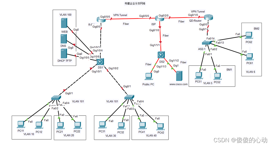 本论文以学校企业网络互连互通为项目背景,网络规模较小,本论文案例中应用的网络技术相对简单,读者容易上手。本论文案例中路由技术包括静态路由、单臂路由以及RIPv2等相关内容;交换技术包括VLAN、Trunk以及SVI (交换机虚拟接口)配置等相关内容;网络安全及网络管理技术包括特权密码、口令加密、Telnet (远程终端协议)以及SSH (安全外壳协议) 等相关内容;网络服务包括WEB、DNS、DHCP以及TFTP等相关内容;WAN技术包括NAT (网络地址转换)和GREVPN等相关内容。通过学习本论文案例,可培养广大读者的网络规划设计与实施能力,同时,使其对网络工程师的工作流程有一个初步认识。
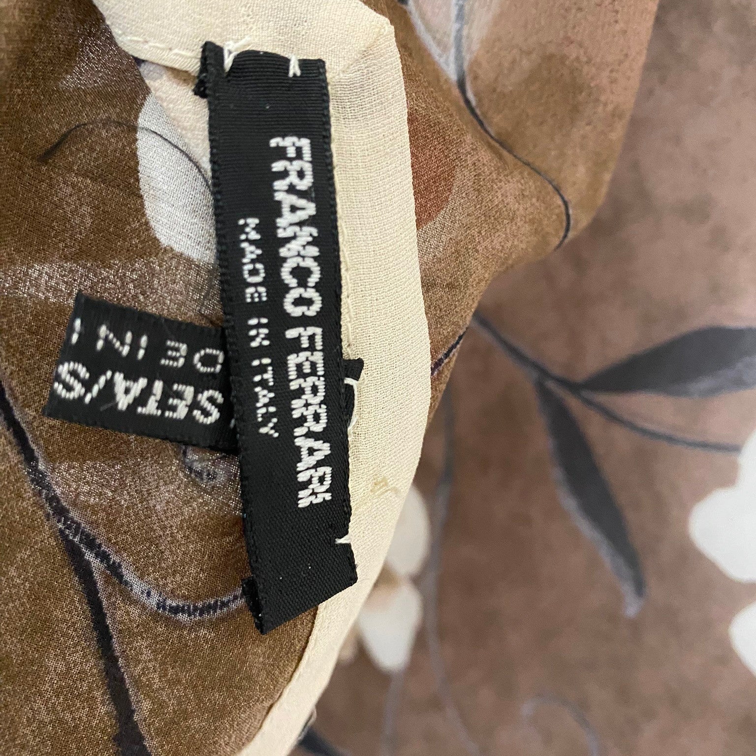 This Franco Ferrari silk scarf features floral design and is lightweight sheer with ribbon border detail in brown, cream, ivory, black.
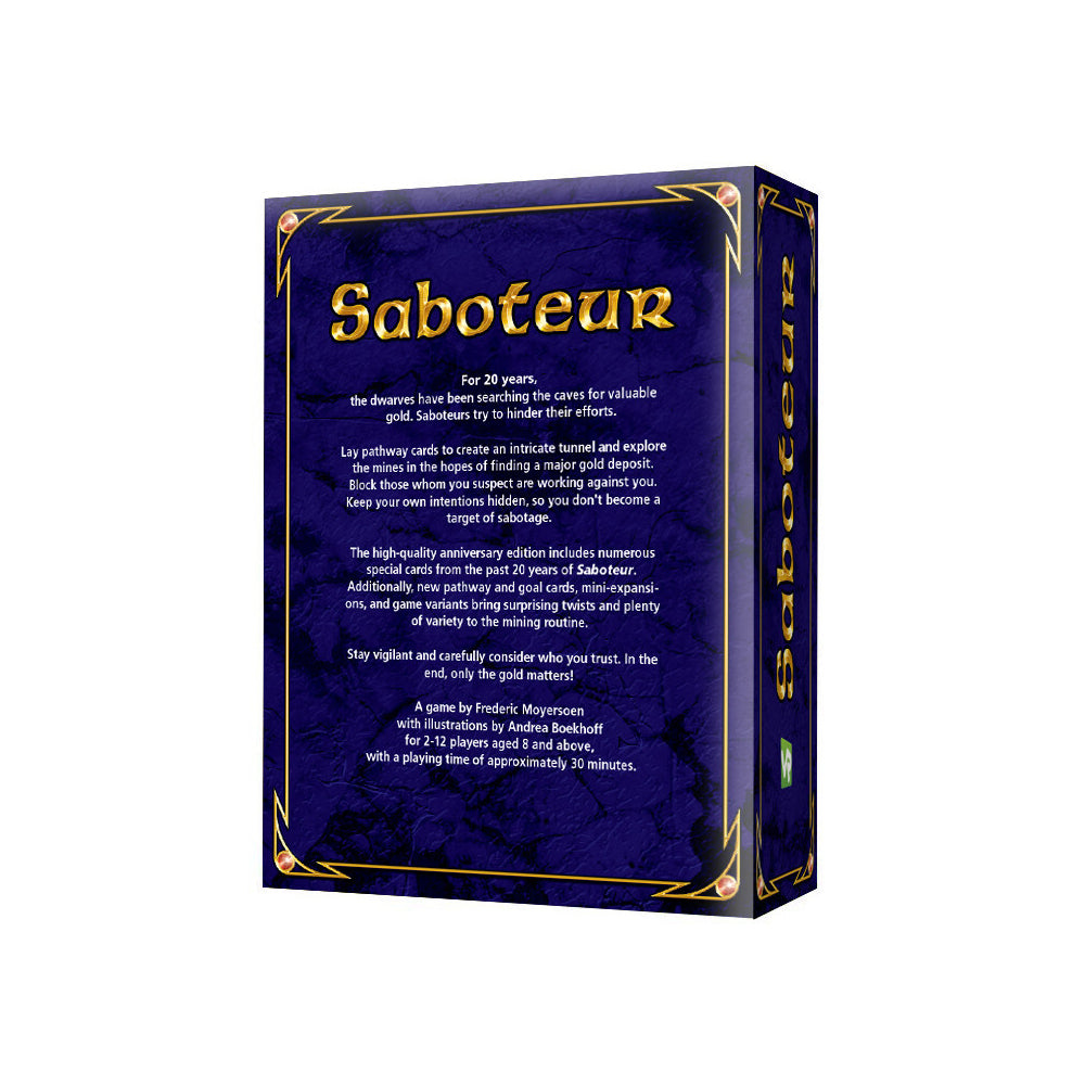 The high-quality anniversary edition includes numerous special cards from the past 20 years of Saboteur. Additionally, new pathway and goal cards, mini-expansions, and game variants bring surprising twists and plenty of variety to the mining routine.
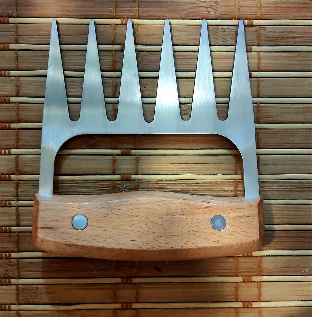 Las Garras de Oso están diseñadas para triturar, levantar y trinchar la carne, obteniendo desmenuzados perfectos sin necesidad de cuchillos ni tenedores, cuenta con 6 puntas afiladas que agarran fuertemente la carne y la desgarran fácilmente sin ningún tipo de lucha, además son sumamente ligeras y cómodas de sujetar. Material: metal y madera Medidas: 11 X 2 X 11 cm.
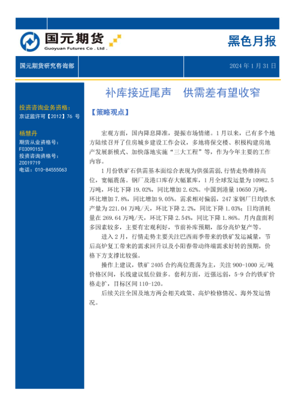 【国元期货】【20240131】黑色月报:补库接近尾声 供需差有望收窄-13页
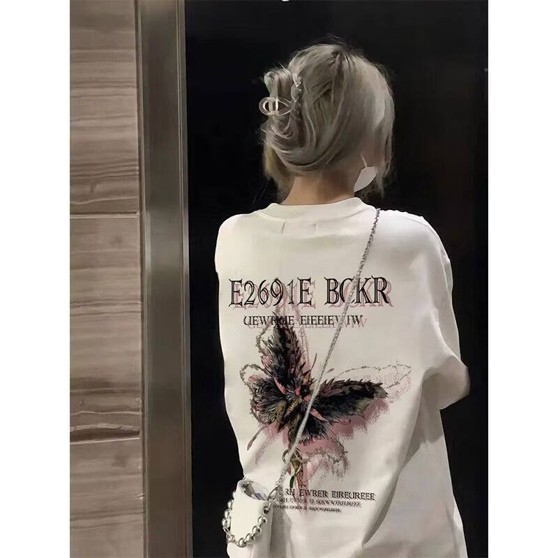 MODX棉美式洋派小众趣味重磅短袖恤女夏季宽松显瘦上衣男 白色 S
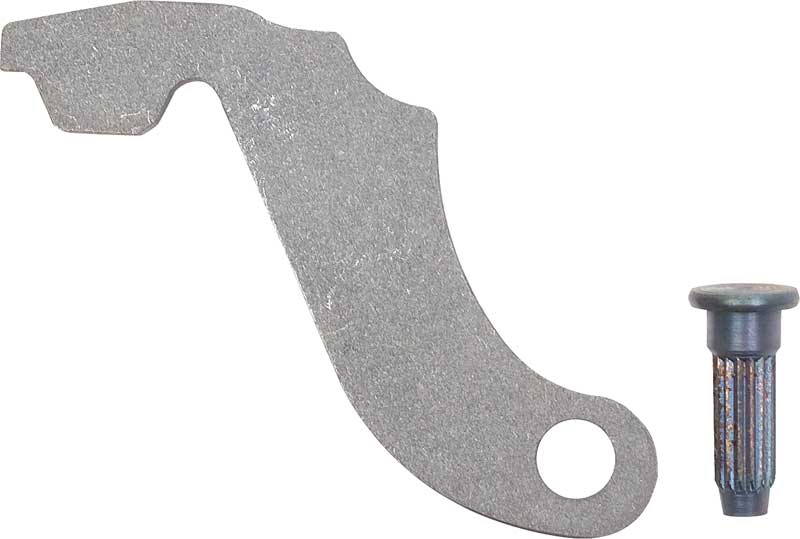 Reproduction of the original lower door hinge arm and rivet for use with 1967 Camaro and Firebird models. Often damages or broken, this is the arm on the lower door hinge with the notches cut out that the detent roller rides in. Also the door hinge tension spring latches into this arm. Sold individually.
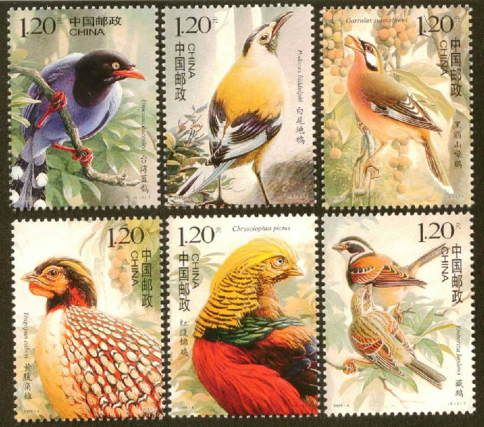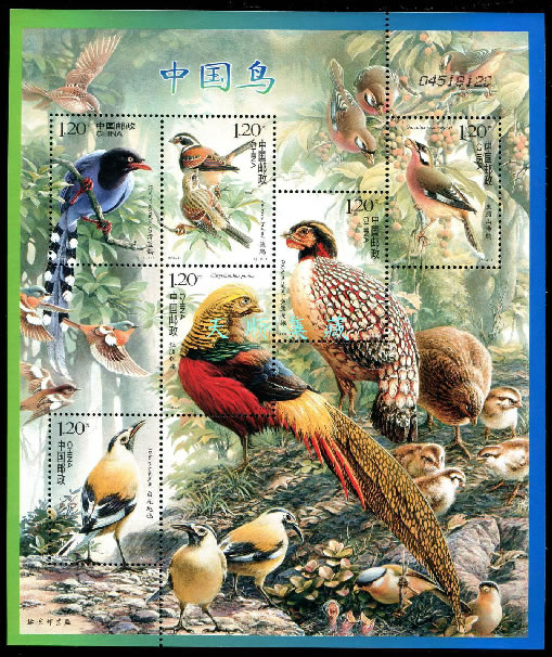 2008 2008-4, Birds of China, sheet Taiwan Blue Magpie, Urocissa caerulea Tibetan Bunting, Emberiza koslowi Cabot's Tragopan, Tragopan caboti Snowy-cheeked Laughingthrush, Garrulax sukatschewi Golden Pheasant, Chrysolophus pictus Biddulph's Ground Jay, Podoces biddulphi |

...

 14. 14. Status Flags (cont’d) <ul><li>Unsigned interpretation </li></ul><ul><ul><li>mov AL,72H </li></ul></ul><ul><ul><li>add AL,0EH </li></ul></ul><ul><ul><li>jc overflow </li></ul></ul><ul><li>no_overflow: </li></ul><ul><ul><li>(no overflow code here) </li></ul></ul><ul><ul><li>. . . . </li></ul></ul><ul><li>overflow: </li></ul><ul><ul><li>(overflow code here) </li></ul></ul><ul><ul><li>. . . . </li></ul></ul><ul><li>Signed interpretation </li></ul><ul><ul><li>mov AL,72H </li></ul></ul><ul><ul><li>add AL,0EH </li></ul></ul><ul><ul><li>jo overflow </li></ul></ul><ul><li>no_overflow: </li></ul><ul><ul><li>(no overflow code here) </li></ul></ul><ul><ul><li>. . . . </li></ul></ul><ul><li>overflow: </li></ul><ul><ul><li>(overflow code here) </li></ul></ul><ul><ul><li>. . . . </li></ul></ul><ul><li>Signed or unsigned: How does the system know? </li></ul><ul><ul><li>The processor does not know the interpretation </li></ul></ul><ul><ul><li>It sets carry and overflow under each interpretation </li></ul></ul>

● **What the task asks**
Only one stretch of the listing above is to be duplicated: the lines from the one containing "MODX棉美式洋派小众趣味重磅短袖恤女夏季宽松显瘦上衣男 白色 S" through the one containing "2008 2008-4, Birds", both included. Copy them exactly, minus the pictures.

● **Result of this task**
 MODX棉美式洋派小众趣味重磅短袖恤女夏季宽松显瘦上衣男 白色 S
 Reproduction of the original lower door hinge arm and rivet for use with 1967 Camaro and Firebird models. Often damages or broken, this is the arm on the lower door hinge with the notches cut out that the detent roller rides in. Also the door hinge tension spring latches into this arm. Sold individually.
 2008 2008-4, Birds of China, sheet Taiwan Blue Magpie, Urocissa caerulea Tibetan Bunting, Emberiza koslowi Cabot's Tragopan, Tragopan caboti Snowy-cheeked Laughingthrush, Garrulax sukatschewi Golden Pheasant, Chrysolophus pictus Biddulph's Ground Jay, Podoces biddulphi |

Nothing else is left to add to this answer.